At least I walk on it after only 20 minutes so need the plastics. 
Well done.   :Smilie:

----------


## an3_bolt

Tiling done by.....tiler did a pretty good job - including lots of "jolly cuts" / mitring for around the bath and wall external corner. 
Got the bath in - island mounted for any problems down the track. Packed with insulation. Of course a joist sits exactly where the bath waste would vertically penetrate - so a bit of creative plumbing to move around it.  Attachment 91441Attachment 91442Attachment 91443 
Of course everything always takes longer than you think - with tasks such as buffing off any haze from grouting, silicon for wall/floor joints and corners, installing taps and mini cocks for cisterns etc, mounting vanity carcass, fixing vanity carcass, drilling holes in tiles, mounting toilet pan etc etc. 
Finally getting there - about another days work left in it - seal grout, mount stone and basin on vanity carcass, rip some packers for the architraves to mount on........and christen the dunny!

----------


## an3_bolt

Nothing is easy......... 
Seems like it has been a bit of fight from time to time.... 
Possibly a good example is the vanity "the old chook" bought - good looking vanity to the untrained eye and also at a very good price. 
On closer inspection - it would appear that it is really not a very high strength vanity carcass - with the top rear of the vanity scalloped out for some reason.

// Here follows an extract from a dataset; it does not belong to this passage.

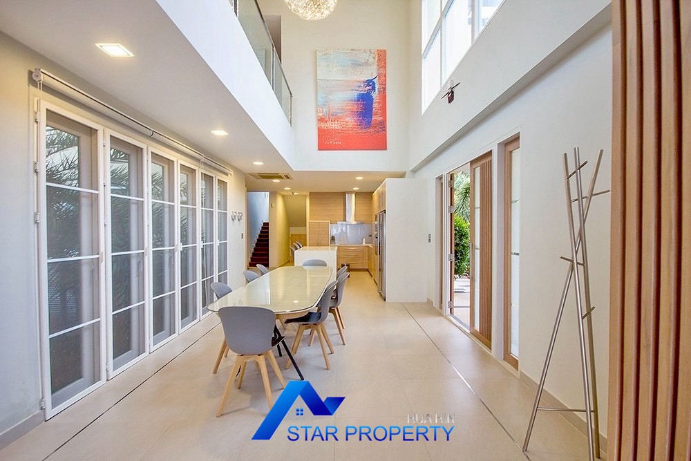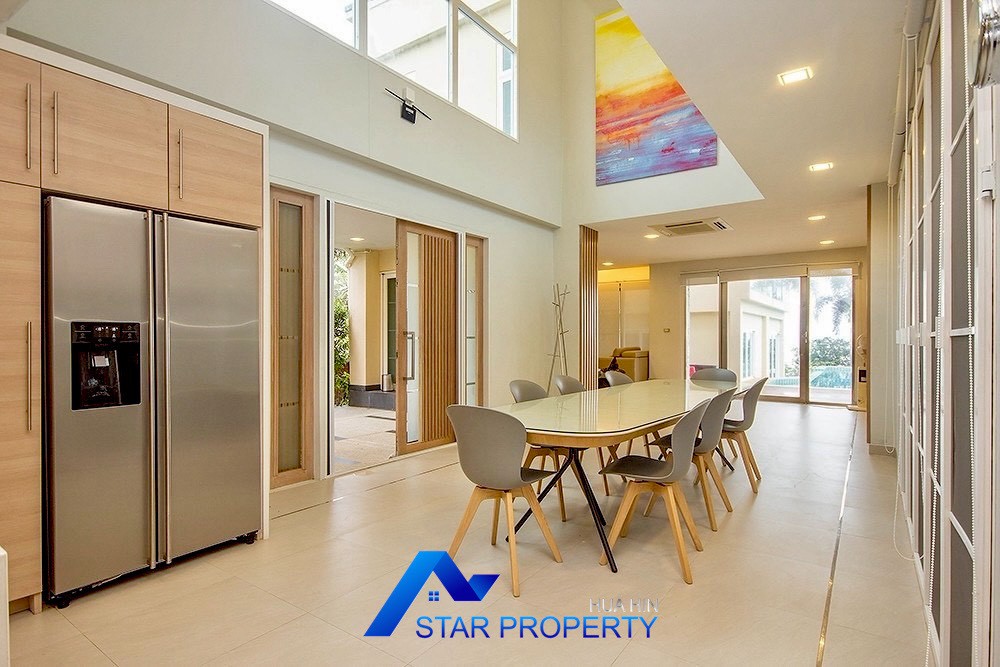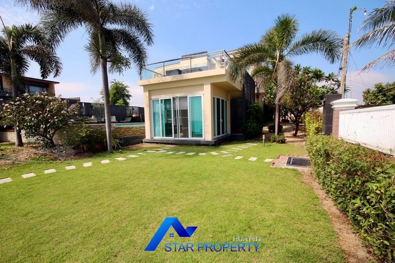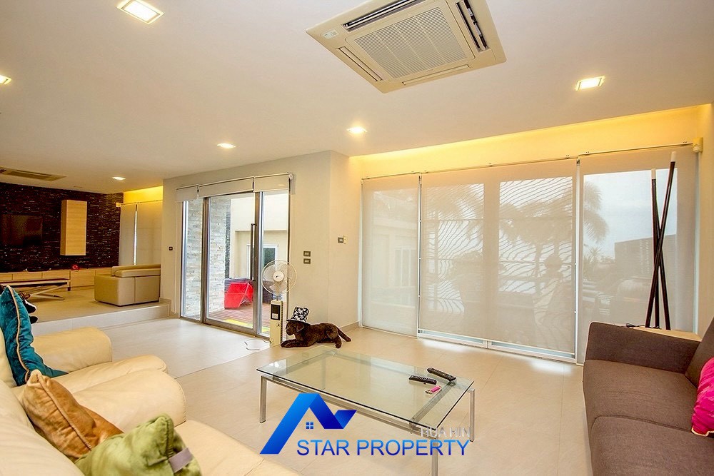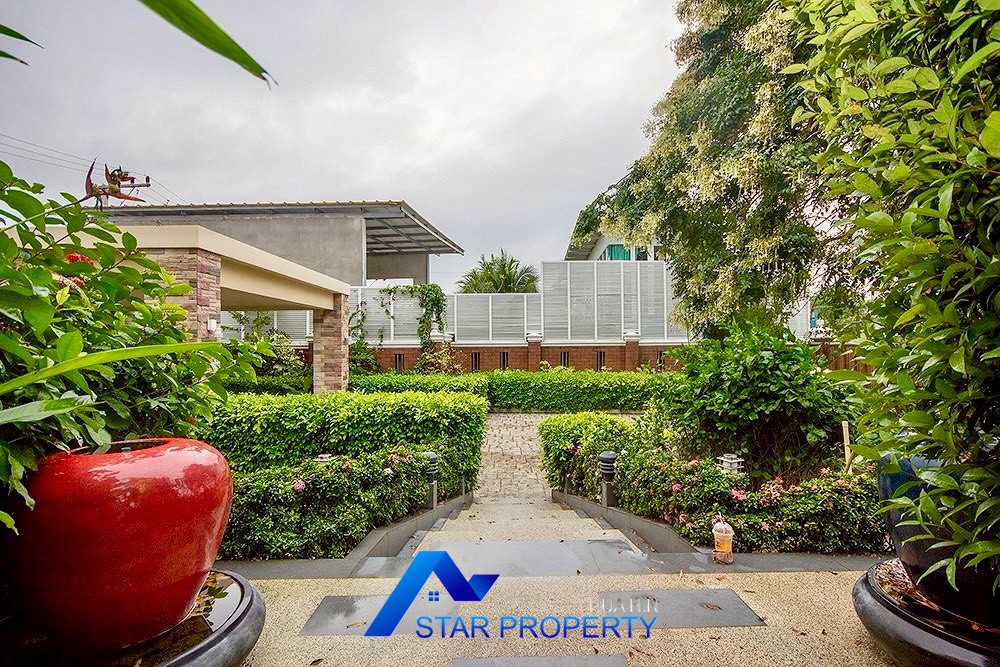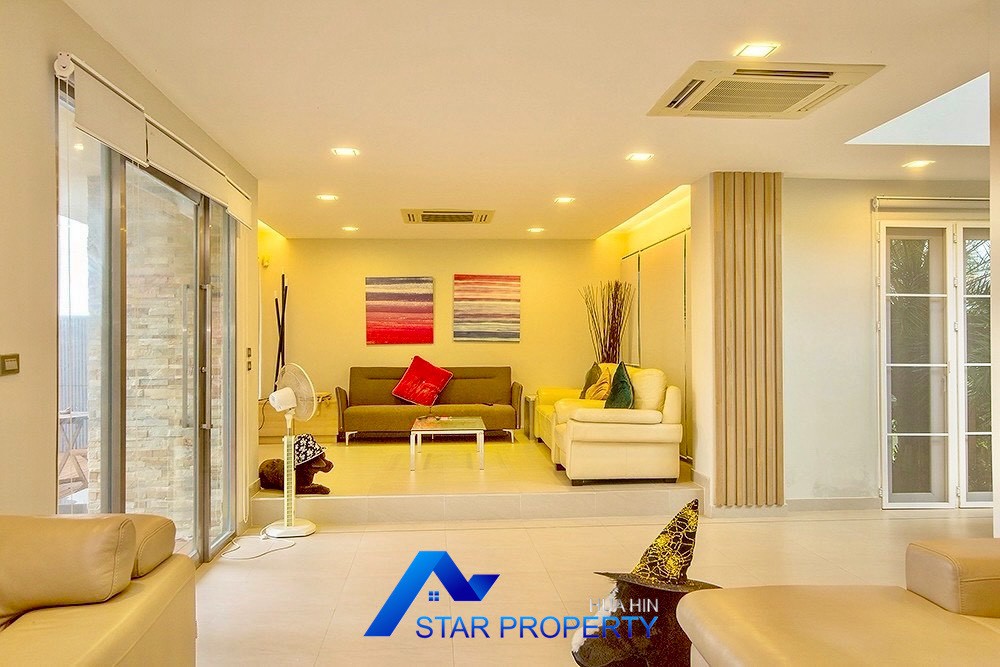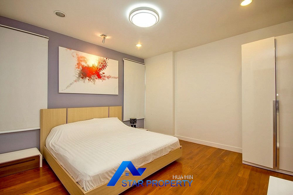 This luxurious beach villa enjoys a lovely ocean breeze and nestles on the tranquil east coast of Cha-Am. The house has 4 bedrooms & 4 bathrooms. The two-storey house features wooden floors and air conditioning units throughout, a large living and dining area which opens out onto a private swimming pool, fantastic sea views from each bedroom, kitchen and carport.

This makes it quite hard to wall mount and required a few impromptu mods to increase rigidity and ultimate bearing strength. Of course the extra plates I installed in the wall went out the window as this was exactly where the vanity carcass has the rear scalloped out...   Attachment 91611 
Note to self once again - ensure a proper carcass design for wall hung vanity prior to closing out the walls - go back to mr kitchen man who I used for the ones in my house. But stone top worked well......after an extra hole so that the tap could be tightened properly from underneath. This is the hazard for obtaining separate items from separate supplies and purchasing conducted by someone else......attempting to make it all fit!  Attachment 91609Attachment 91610Attachment 91612 
Grout sealed - not much to finish it off now.....as holidays are over and back to work!

----------


## SlowMick

awesome effort sir.  the bathroom looks amazing.  and you made me feel better about the fight that my bathroom and my sisters bathroom put up.

----------


## an3_bolt

Thanks Mick - Appreciated. 
In hindsight - I think the fight was more related to discovering problems that were unexpected - such as remedial framing for out of plum walls, ant damage to timber, flimsy vanity carcass, copper corrosion in the pipes etc. Some of it was possibly due to the required integration of already purchased items by my mother into the design, and working around the existing structure such as windows. If time and money was unlimited - I would have changed windows, walls and doors into a new concept. Reality is that this is a holiday house used by our extended families - which does not justify the extra expense. 
I have found one of the keys for myself to doing a bathroom is creating the correct order of construction and visualising each key event and how to do it. For me - it really does take a lot of pre-planning, right down to sourcing required materials in advance, as I hate stopping work to run around to find something I need.  
In this particular instance my planning did not allow for all the remedial work that was needed - some of it could be just covered over - and I imagine that is what a builder would have to do to actually make money out of doing these things - but my time is not money (just love!) so it took a lot longer than I anticipated.  
Again - another occasion to learn. That is why I have wanted to share these things and document it - so that others may be able to not make the same mistakes (as flimsy vanities etc) and gain knowledge from what i have learnt. Better to work smarter - not harder, and a lot of it comes down to the 5 P's (Prior planning prevents poor performance). 
Now my sister wants me to come and help her with hers :Doh:  Maybe if I get retrenched from work.......but that will probably mean moving the family overseas again to keep working!

----------


## SlowMick

My sister had water leaking from the shower into the kitchen.  by the time we stripped out the bathroom two of the walls didn't touch the slab.  She couldn't get any of the bathroom renovation companies out to give her a quote (her area suggests she has no cash).  We are still talking even though it took me six months while i was working full time.  Price must have been right.  Builders must have to work hard to make money on these rooms - i guess a lot can be hidden in the thickness of glue holding on the wall tiles.  :Rolleyes:

----------